Thursday, September 22, 2011


I intended to write about the Port-A-Potty that nearly flew off its trailer while going down the road in front of me but that will have to wait. Sometimes, things just hit you out of the blue (hopefully not a Port-A-Potty) and you feel compelled to share your epiphany with everyone. Or at least that's how it works for me.

Yesterday afternoon Phoenix went to see the chiropractor. He has a standing appointment when a chiropractic vet from an eastern Iowa practice does a “house call” at a local training building and saves a bunch of area people the approximately 100 mile round trip to his clinic.

Anyway, Nix and I went early, because I wanted to train for just a bit before his appointment. That would free up the evening for packing for the weekend and watching the season premiere of “Criminal Minds.” Important stuff.

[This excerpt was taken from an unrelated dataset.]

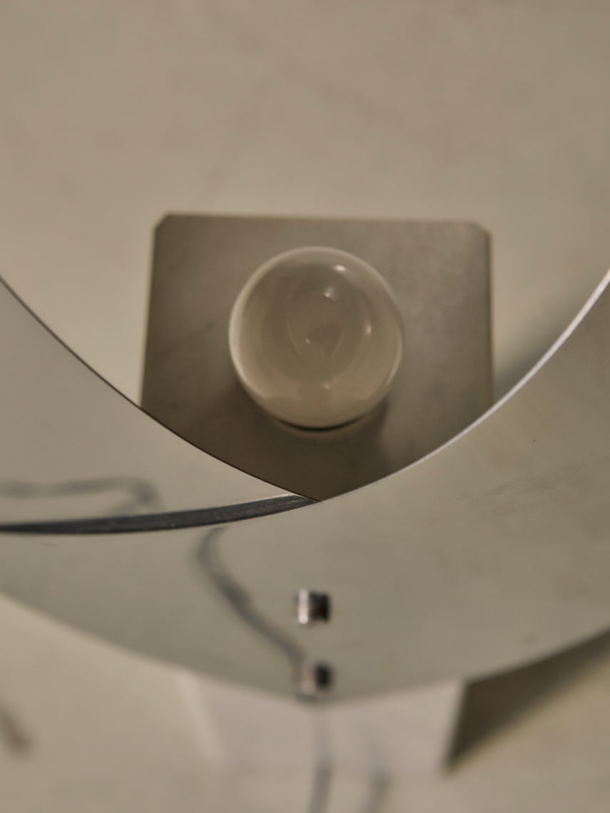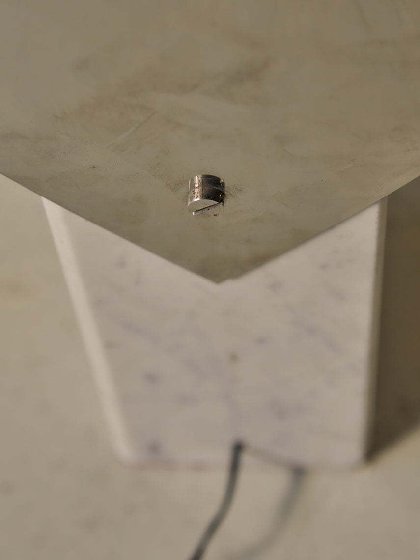 Particularly designed lamp from the 70s with a Carrara marble base and an original curved metal shade from Italy.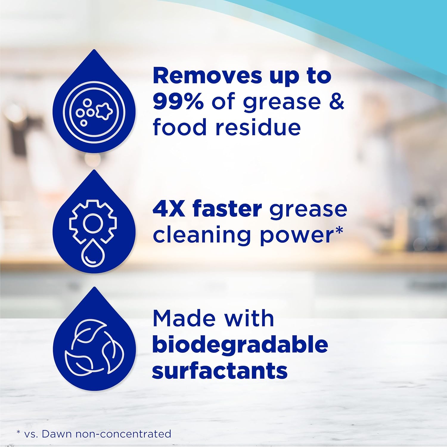 - 1. POWERFUL CLEANING: Contains 4 times grease fighting power (cleaning ingredients per drop vs Dawn non-concentrated), making it a powerful dish soap liquid and dish detergent liquid

All I wanted to work were articles and gloves - 10 minutes, max, in keeping with my "less is more" approach. It was such a lovely afternoon, several people who had arrived before me were hanging around outside the building. Nix and I went inside. He had done two (informal) articles with speed and happy attitude when a couple of people and their dogs came into the building. They sat down on one end of the building, very politely, with their dogs not being disruptive.

The change in Phoenix was phenomenal.

He went from being up, bouncy and totally engaged to tense and slow. His body carriage changed. His whole demeanor went from “This is fun!” to “Oh crap.”

I’ve known for a long time that he has no use for most “strange” dogs. He doesn’t have a lot of use for many dogs he knows, either. He has a few doggie friends (two lab girls, a pack of field spaniels, a couple of shelties and a pomeranian, go figure) but otherwise, prefers to pretend other dogs do not exist.

I didn’t realize, however, how much impact the simple presence of other dogs had on his work until seeing the stark before and after contrast yesterday. He was extremely concerned about the new dogs in the building. He wasn’t dysfunctional. He was still working and it was passable but certainly not the dog I’d had 2 minutes before.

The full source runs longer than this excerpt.